Além disso, vale citar que a Agência Nacional de Saúde Suplementar (ANS) está julgando o recurso apresentado pela Hapvida contra a determinação que obrigou a empresa a republicar balanços contábeis envolvendo o Programa Desenrola. O item foi incluído na pauta oficial da 631ª Reunião da Diretoria Colegiada.

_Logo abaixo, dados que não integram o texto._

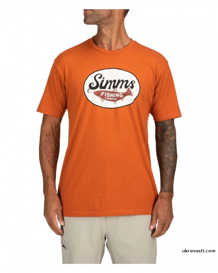 Очень яркая и стильная оранжевая футболка с фирменным логотипом Simms. Футболка пошита из хлопка и полиэстера. Благодаря современному дизайну идеально сочетается с большинством видов повседневной одежды, а также часто применяется для рыбалки. Подходит для машинной стирки и сушки.

Segundo a ANS, a análise definirá se a operadora terá de corrigir demonstrações financeiras e reverter valores contabilizados antes do prazo legal.
A ANS vai avaliar três pontos: quando a Hapvida registrou o acordo de quitação com o SUS, como isso afetou seus lucros e valor de mercado, e a transparência das informações divulgadas.
O mercado acompanha a decisão de perto. A possível republicação dos balanços pode impactar a confiança de investidores e a percepção sobre a saúde financeira da operadora.
Se a agência mandar republicar os balanços, será algo raro no setor. Isso pode eliminar parte dos lucros já divulgados e até deixar a empresa fora das regras regulatórias, obrigando-a a buscar capital com os acionistas.
Caso a decisão seja negativa, o lucro extraordinário tende a sumir, revelando um desempenho bem pior do que o divulgado, o que ajuda a explicar o pessimismo já visto no mercado.